» **Working data**:
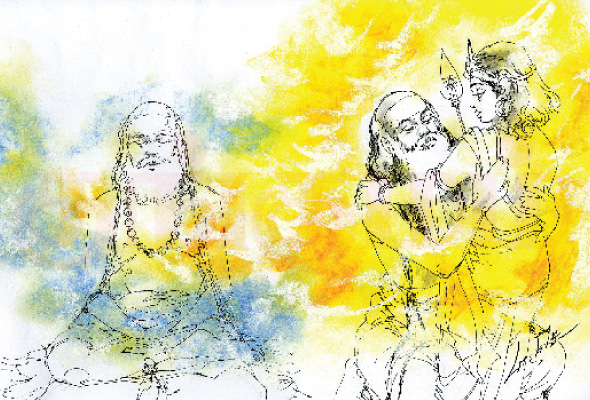 அந்தத் துளியை மீண்டும் இறைவன் என்கிற சூரியக் கிரணம், தன் சக்தி மிகுந்த ஒளியால் ஆவியாக்கி தம்மோடு இணைத்துக்கொள்கிறது. இந்த நிகழ்வு இறைவனின் கருணை. அவன் அருள் சக்தி, மீண்டும் அவனோடு சேர்வதுதான் சுகம்... பேரானந்தம். நெருக்கமானவர்களிடம் மெல்லச் சொன்னார்.
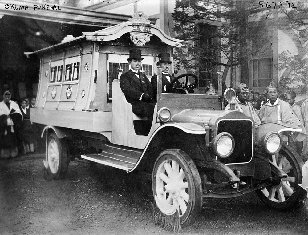 Deux photos du corbillard qui a servi aux obsèques de Shigenobu Okuma, ancien Premier Ministre du Japon, décédé en 1922,
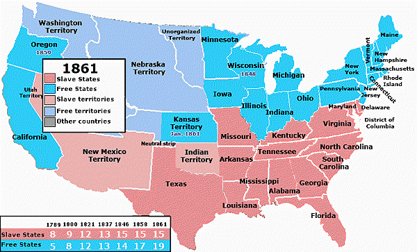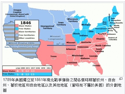 1789年美國獨立至1861年南北戰爭爆發之間各個時期蓄奴州、自由州、蓄奴地區和自由地區以及其他地區(當時尚不屬於美國)的分劃地圖
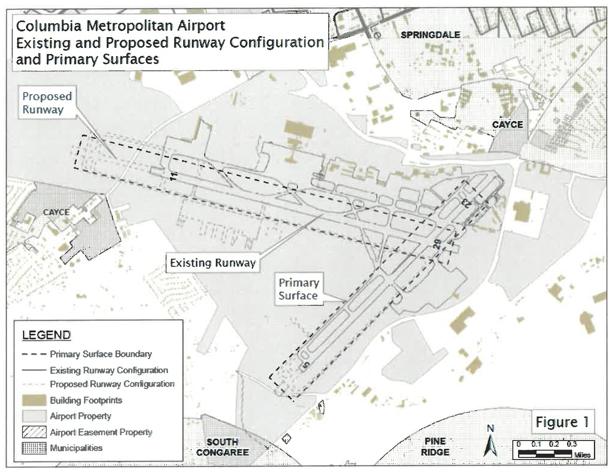 Four types of height control overlay zones are established for the Columbia Metropolitan Airport District, based on the present and proposed runway configuration described in the Columbia Metropolitan Airport Plan (see definitions) and the most current edition of Federal Aviation Administration Advisory Circular # 150/5190-4A, A Model Zoning Ordinance to Limit Height of Objects Around Airports, or in successor Federal Aviation Administration advisory circulars. Figure 1 represents the present and proposed runway configuration as well as the related primary surfaces (see definitions).
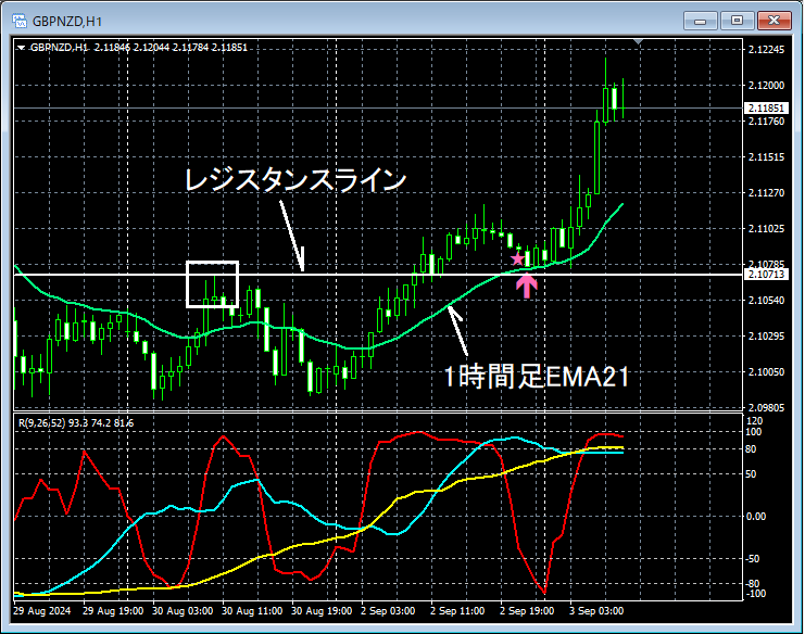 上の1時間足では、レジスタンスラインを上抜けした後、そのラインと1時間足EMA21が重なるあたりまで下げてきたところでmBDSR(RCI2本フィルター)の押し目買いサインが点灯して、その後、プライスは順調に上昇している(いわゆるロールリバーサル(レジサポ転換))。
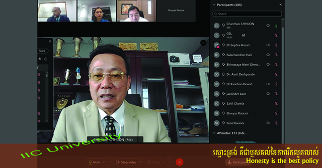 ឯកឧត្តមបណ្ឌិត ឈួន ចាន់ថន សាកលវិទ្យាធិការ នៃសាកលវិទ្យាល័យអាយអាយស៊ីនៃបច្ចេកវិទ្យា បានថ្លែងសុន្ទរកថាស្វាគមន៍ ក្នុងពិធីបើកសន្និសីទអន្តរជាតិអនឡាញ ស្តីអំពី “Innovation and Modernisation in Commerce, Science, Technology, Business Management, Leadership and Entrepreneurship.” រៀបចំដោយ Raisoni Group of Institutions (India) ដែលប្រព្រឹត្តទៅនាថ្ងៃទី4 ដល់ 5 ខែកុម្ភៈ ឆ្នាំ2022 ៕
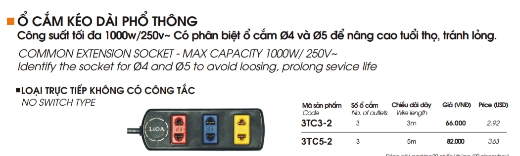 Bảng giá ổ cắm điện lioa 3 lỗ dây dài 3m - 5m. Bán buôn bán lẻ ổ cắm lioa 3 lỗ giá rẻ, chiết khấu cao, ưu tiên khách hàng mua số lượng lớn
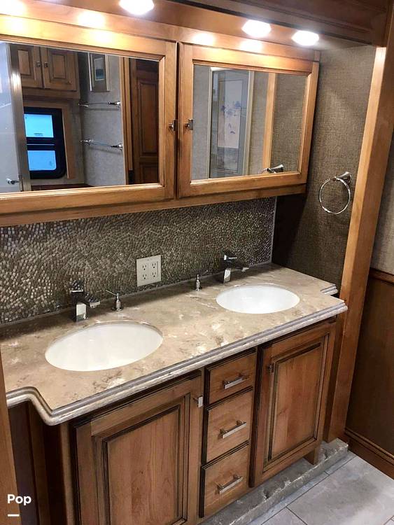 Step inside to find a beautifully appointed living area featuring high-quality furnishings and finishes. The fully equipped kitchen includes modern appliances, making meal preparation a breeze. Enjoy your meals at the elegant dining area, or relax in the plush seating of the lounge, complete with a state-of-the-art entertainment system. The RV's thoughtful layout ensures privacy and convenience, with a master bedroom, additional sleeping areas, and a well-designed bathroom.
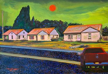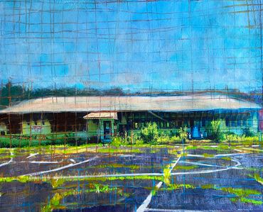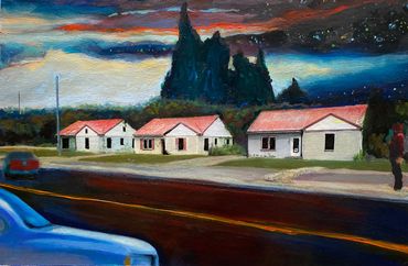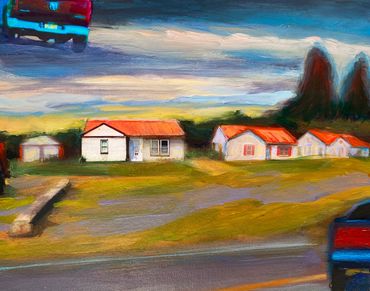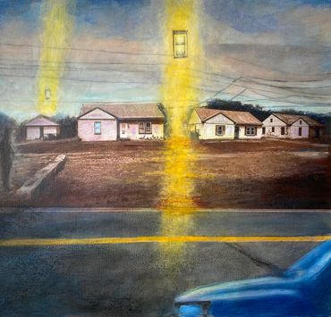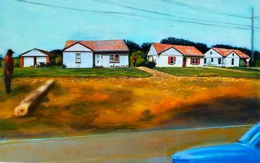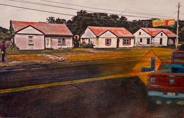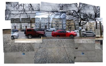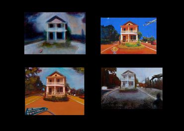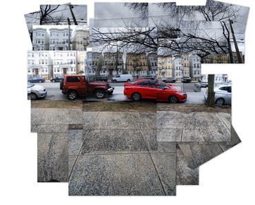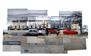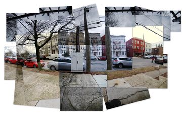 Inspired in part by the Hockney Retrospective at the Metropolitan Museum of Art, NYC, I created this series of works--the Warburton Series-- which focused on the already significant role photography and time play in my work. I took a walk down Warburton Ave. in Hastings and shot almost one thousand photos. I often collage photos as maquettes to paint from, but in this case, I created digital collages as final images.
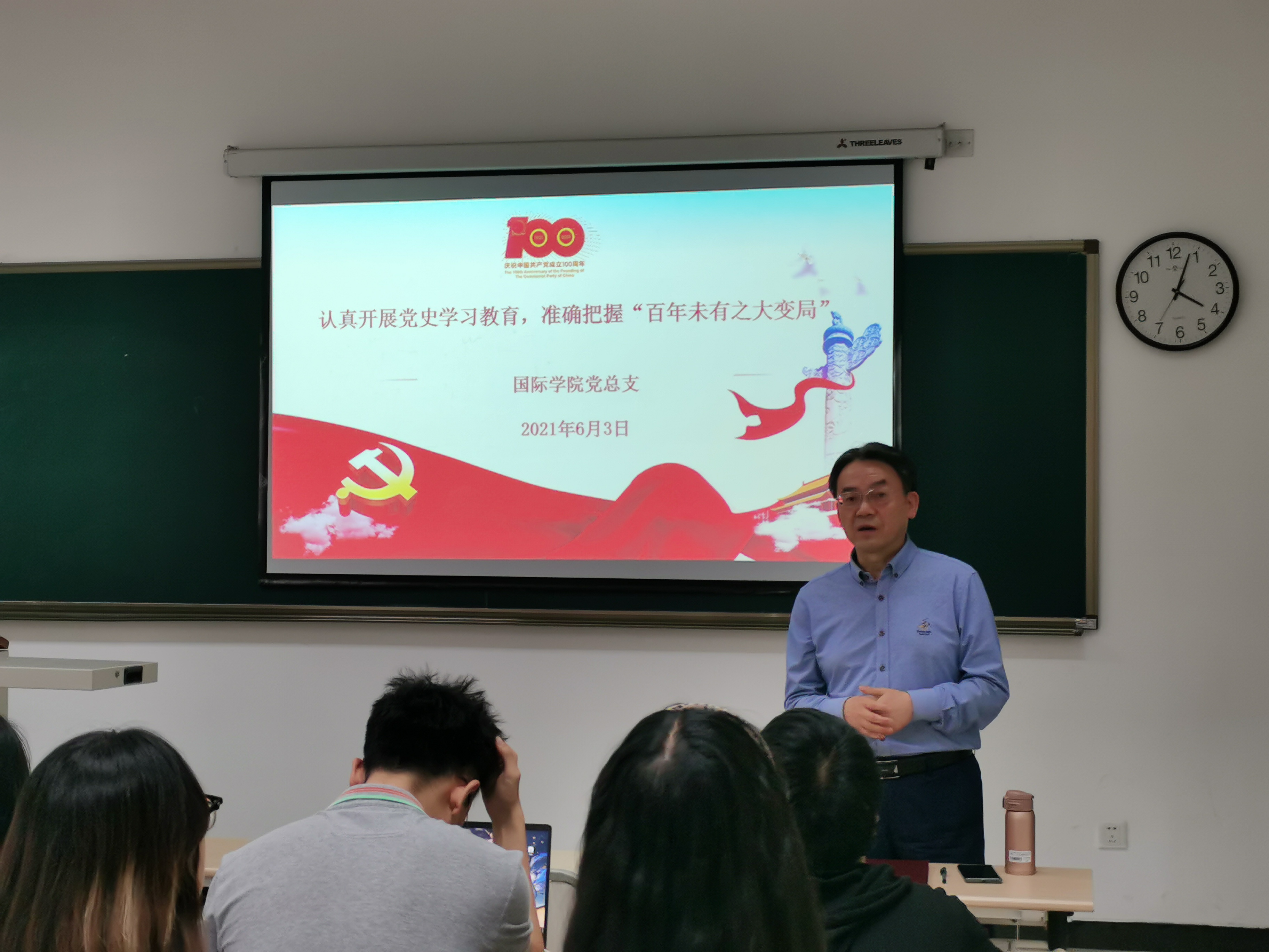 2021年6月3日下午四点,betway必威中国研究生第三党支部的6名党员以主讲人的方式开展党史宣讲,主题是:认真开展党史学习教育,准确把握‘百年未有之大变局’”。党总支书记刘猛主持宣讲会,2020级汉语国际教育硕士班的全体同学参加活动。
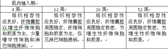 植入肌肉植入4周、12周、26周和52周取样观察,各期组织学反应
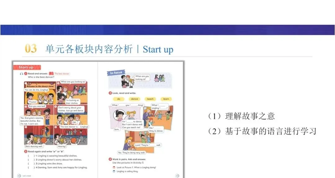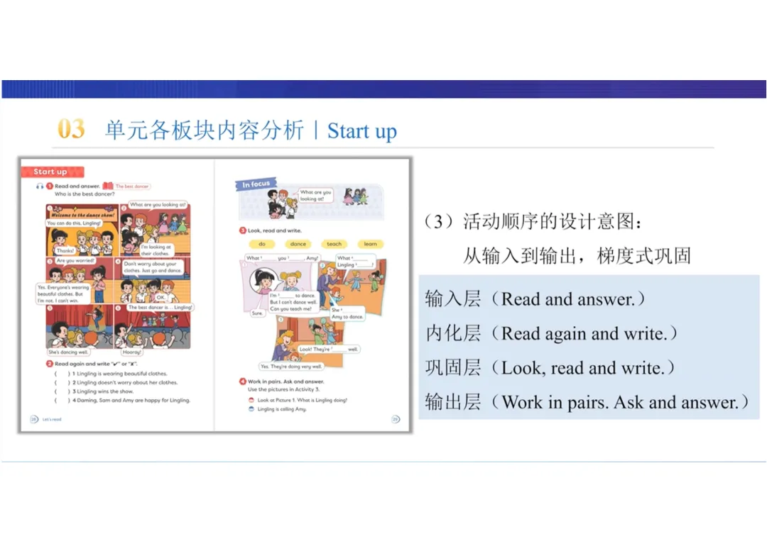 本板块是单元核心语言的启动学习环节,通过《The best dancer》配图故事,在情境中渗透现在进行时特殊疑问句的语法知识,同时传递“专注与热爱比外在形式更重要”的理念,培养学生的自信心。活动设计遵循“输入层-内化层-巩固层-输出层”的梯度,实现从语言输入到迁移应用的闭环。
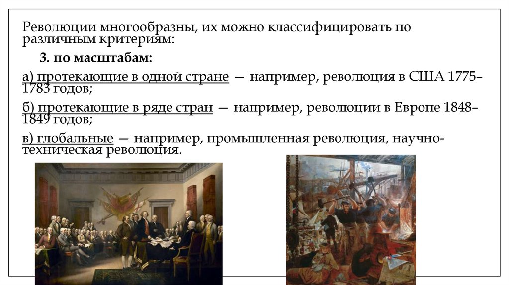 в) глобальные — например, промышленная революция, научнотехническая революция.
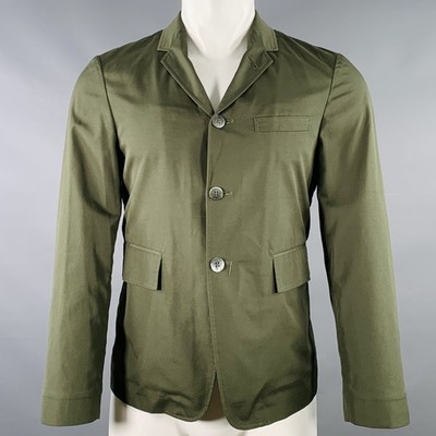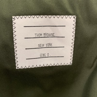 THOM BROWNE Size XS Green Olive Notch Lapel Jacket IN-STORE ID: 136853THOM BROWNE jacket in an olive green woven fabric (feels like cotton) featuring a notch lapel, double vented back, and three button closure. Made in Japan. Original Retail Price (if known): $0.00 Category: Sport Coat More Details Brand: THOM BROWNE Size: XS Chest Size: XS Gender: Male Color: Green Color 2: Olive Fabric: Not Listed Style: Notch Lapel Country of Origin: Japan Age Group: Adult
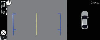 (인포테인먼트 시스템에서 설정 → 차량 → 운전자 보조 → 주차 안전 → 카메라 설정 → 표시 정보 → 후방 주차 가이드라인이 설정된 경우)
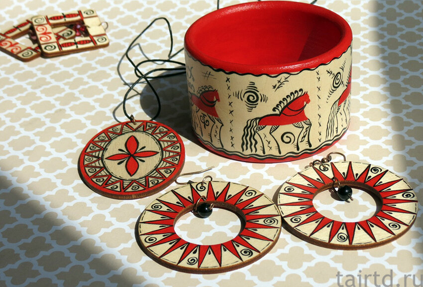 Мезенская роспись обладает потрясающим самобытным орнаментом, который порадует любого любителя этнического стиля. Расписанный мезенской росписью комплект украшений выглядит потрясающе стильно и эффектно. не важно серьги это или браслет. А для того, чтобы сделать такой комплект своими руками не нужно особых инструментов, только краска для росписи и немного терпения. Для мезенской росписи комплекта украшений нам понадобятся: • Деревянные заготовки (браслет, подвеска, серьги); • Акриловая краска для росписи "Таир"; • Клей ПВА; • Мелкозернистая наждачная бумага, циркуль, простой карандаш, линейка; • Кисти: плоская синтетическая, круглая колонок №1 и круглая белка №2; • Фурнитура для украшений, бусинки и инструменты для сборки • Акриловый лак "Таир". ШАГ 1 Разводим клей ПВА с водой 1:1 и плоской кистью грунтуем заготовки. После этой операции краска будет меньше впитываться в дерево, а кисть будет легче скользить. Дожидаемся полного высыхания и немного шкурим заготовки мелкозернистой нажда
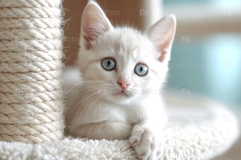Белый котенок с голубыми глазами лежит в кошачьем домике рядом с когтеточкой
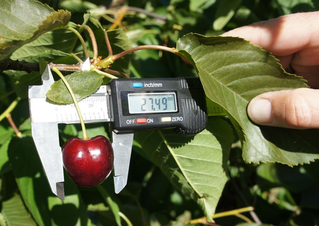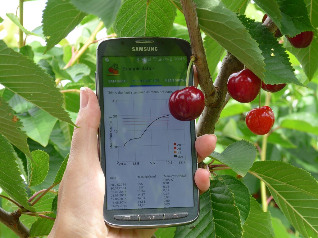 Dicker wird’s nimmer – so ließe sich interpretieren, was Kirschenproduzenten künftig auf ihrem Smartphone-Display ablesen können. Die App Cherry Harvest Size errechnet aus wiederholt gemessenen Fruchtgrößen von Süßkirschen deren Wachstumsrate – also den täglichen Zuwachs. Mit Hilfe der Wachstumsrate lässt sich das optimale Erntedatum besser bestimmen als allein anhand der Fruchtgröße. Solange die Wachstumsrate hoch ist, können die Früchte noch am Baum bleiben und weiterwachsen, denn große Früchte erzielen höhere Verkaufspreise. Fällt die Wachstumsrate unter einen bestimmten Wert, sollten die Früchte aber so schnell wie möglich geerntet werden. Konkret heißt das: Der Obstbauer misst die Größe einer Reihe von Kirschen aus seiner Anlage und gibt diese Werte in die App auf seinem Smartphone ein. Die App berechnet die mittlere Wachstumsrate des Fruchtdurchmessers. Fällt diese unter 0,2 mm pro Tag sollten die Kirschen baldmöglichst geerntet werden, denn über einen Zeitraum von fünf Tagen würden die Früchte dann nur mehr um einen Millimeter wachsen. Ein so geringer Zuwachs rechtfertigt kaum das Risiko, die Kirschen währenddessen durch ungünstige Bedingungen, Regen, Krankheiten oder Schädlingsbefall zu verlieren.

» **Problem requirements**: When you print the entries, keep every line exactly as it is and drop the pictures.

» **Answer area**:
 அந்தத் துளியை மீண்டும் இறைவன் என்கிற சூரியக் கிரணம், தன் சக்தி மிகுந்த ஒளியால் ஆவியாக்கி தம்மோடு இணைத்துக்கொள்கிறது. இந்த நிகழ்வு இறைவனின் கருணை. அவன் அருள் சக்தி, மீண்டும் அவனோடு சேர்வதுதான் சுகம்... பேரானந்தம். நெருக்கமானவர்களிடம் மெல்லச் சொன்னார்.
 Deux photos du corbillard qui a servi aux obsèques de Shigenobu Okuma, ancien Premier Ministre du Japon, décédé en 1922,
 1789年美國獨立至1861年南北戰爭爆發之間各個時期蓄奴州、自由州、蓄奴地區和自由地區以及其他地區(當時尚不屬於美國)的分劃地圖
 Four types of height control overlay zones are established for the Columbia Metropolitan Airport District, based on the present and proposed runway configuration described in the Columbia Metropolitan Airport Plan (see definitions) and the most current edition of Federal Aviation Administration Advisory Circular # 150/5190-4A, A Model Zoning Ordinance to Limit Height of Objects Around Airports, or in successor Federal Aviation Administration advisory circulars. Figure 1 represents the present and proposed runway configuration as well as the related primary surfaces (see definitions).
 上の1時間足では、レジスタンスラインを上抜けした後、そのラインと1時間足EMA21が重なるあたりまで下げてきたところでmBDSR(RCI2本フィルター)の押し目買いサインが点灯して、その後、プライスは順調に上昇している(いわゆるロールリバーサル(レジサポ転換))。
 ឯកឧត្តមបណ្ឌិត ឈួន ចាន់ថន សាកលវិទ្យាធិការ នៃសាកលវិទ្យាល័យអាយអាយស៊ីនៃបច្ចេកវិទ្យា បានថ្លែងសុន្ទរកថាស្វាគមន៍ ក្នុងពិធីបើកសន្និសីទអន្តរជាតិអនឡាញ ស្តីអំពី “Innovation and Modernisation in Commerce, Science, Technology, Business Management, Leadership and Entrepreneurship.” រៀបចំដោយ Raisoni Group of Institutions (India) ដែលប្រព្រឹត្តទៅនាថ្ងៃទី4 ដល់ 5 ខែកុម្ភៈ ឆ្នាំ2022 ៕
 Bảng giá ổ cắm điện lioa 3 lỗ dây dài 3m - 5m. Bán buôn bán lẻ ổ cắm lioa 3 lỗ giá rẻ, chiết khấu cao, ưu tiên khách hàng mua số lượng lớn
 Step inside to find a beautifully appointed living area featuring high-quality furnishings and finishes. The fully equipped kitchen includes modern appliances, making meal preparation a breeze. Enjoy your meals at the elegant dining area, or relax in the plush seating of the lounge, complete with a state-of-the-art entertainment system. The RV's thoughtful layout ensures privacy and convenience, with a master bedroom, additional sleeping areas, and a well-designed bathroom.
 Inspired in part by the Hockney Retrospective at the Metropolitan Museum of Art, NYC, I created this series of works--the Warburton Series-- which focused on the already significant role photography and time play in my work. I took a walk down Warburton Ave. in Hastings and shot almost one thousand photos. I often collage photos as maquettes to paint from, but in this case, I created digital collages as final images.
 2021年6月3日下午四点,betway必威中国研究生第三党支部的6名党员以主讲人的方式开展党史宣讲,主题是:认真开展党史学习教育,准确把握‘百年未有之大变局’”。党总支书记刘猛主持宣讲会,2020级汉语国际教育硕士班的全体同学参加活动。
 植入肌肉植入4周、12周、26周和52周取样观察,各期组织学反应
 本板块是单元核心语言的启动学习环节,通过《The best dancer》配图故事,在情境中渗透现在进行时特殊疑问句的语法知识,同时传递“专注与热爱比外在形式更重要”的理念,培养学生的自信心。活动设计遵循“输入层-内化层-巩固层-输出层”的梯度,实现从语言输入到迁移应用的闭环。
 в) глобальные — например, промышленная революция, научнотехническая революция.
 THOM BROWNE Size XS Green Olive Notch Lapel Jacket IN-STORE ID: 136853THOM BROWNE jacket in an olive green woven fabric (feels like cotton) featuring a notch lapel, double vented back, and three button closure. Made in Japan. Original Retail Price (if known): $0.00 Category: Sport Coat More Details Brand: THOM BROWNE Size: XS Chest Size: XS Gender: Male Color: Green Color 2: Olive Fabric: Not Listed Style: Notch Lapel Country of Origin: Japan Age Group: Adult
 (인포테인먼트 시스템에서 설정 → 차량 → 운전자 보조 → 주차 안전 → 카메라 설정 → 표시 정보 → 후방 주차 가이드라인이 설정된 경우)
 Мезенская роспись обладает потрясающим самобытным орнаментом, который порадует любого любителя этнического стиля. Расписанный мезенской росписью комплект украшений выглядит потрясающе стильно и эффектно. не важно серьги это или браслет. А для того, чтобы сделать такой комплект своими руками не нужно особых инструментов, только краска для росписи и немного терпения. Для мезенской росписи комплекта украшений нам понадобятся: • Деревянные заготовки (браслет, подвеска, серьги); • Акриловая краска для росписи "Таир"; • Клей ПВА; • Мелкозернистая наждачная бумага, циркуль, простой карандаш, линейка; • Кисти: плоская синтетическая, круглая колонок №1 и круглая белка №2; • Фурнитура для украшений, бусинки и инструменты для сборки • Акриловый лак "Таир". ШАГ 1 Разводим клей ПВА с водой 1:1 и плоской кистью грунтуем заготовки. После этой операции краска будет меньше впитываться в дерево, а кисть будет легче скользить. Дожидаемся полного высыхания и немного шкурим заготовки мелкозернистой нажда
Белый котенок с голубыми глазами лежит в кошачьем домике рядом с когтеточкой
 Dicker wird’s nimmer – so ließe sich interpretieren, was Kirschenproduzenten künftig auf ihrem Smartphone-Display ablesen können. Die App Cherry Harvest Size errechnet aus wiederholt gemessenen Fruchtgrößen von Süßkirschen deren Wachstumsrate – also den täglichen Zuwachs. Mit Hilfe der Wachstumsrate lässt sich das optimale Erntedatum besser bestimmen als allein anhand der Fruchtgröße. Solange die Wachstumsrate hoch ist, können die Früchte noch am Baum bleiben und weiterwachsen, denn große Früchte erzielen höhere Verkaufspreise. Fällt die Wachstumsrate unter einen bestimmten Wert, sollten die Früchte aber so schnell wie möglich geerntet werden. Konkret heißt das: Der Obstbauer misst die Größe einer Reihe von Kirschen aus seiner Anlage und gibt diese Werte in die App auf seinem Smartphone ein. Die App berechnet die mittlere Wachstumsrate des Fruchtdurchmessers. Fällt diese unter 0,2 mm pro Tag sollten die Kirschen baldmöglichst geerntet werden, denn über einen Zeitraum von fünf Tagen würden die Früchte dann nur mehr um einen Millimeter wachsen. Ein so geringer Zuwachs rechtfertigt kaum das Risiko, die Kirschen währenddessen durch ungünstige Bedingungen, Regen, Krankheiten oder Schädlingsbefall zu verlieren.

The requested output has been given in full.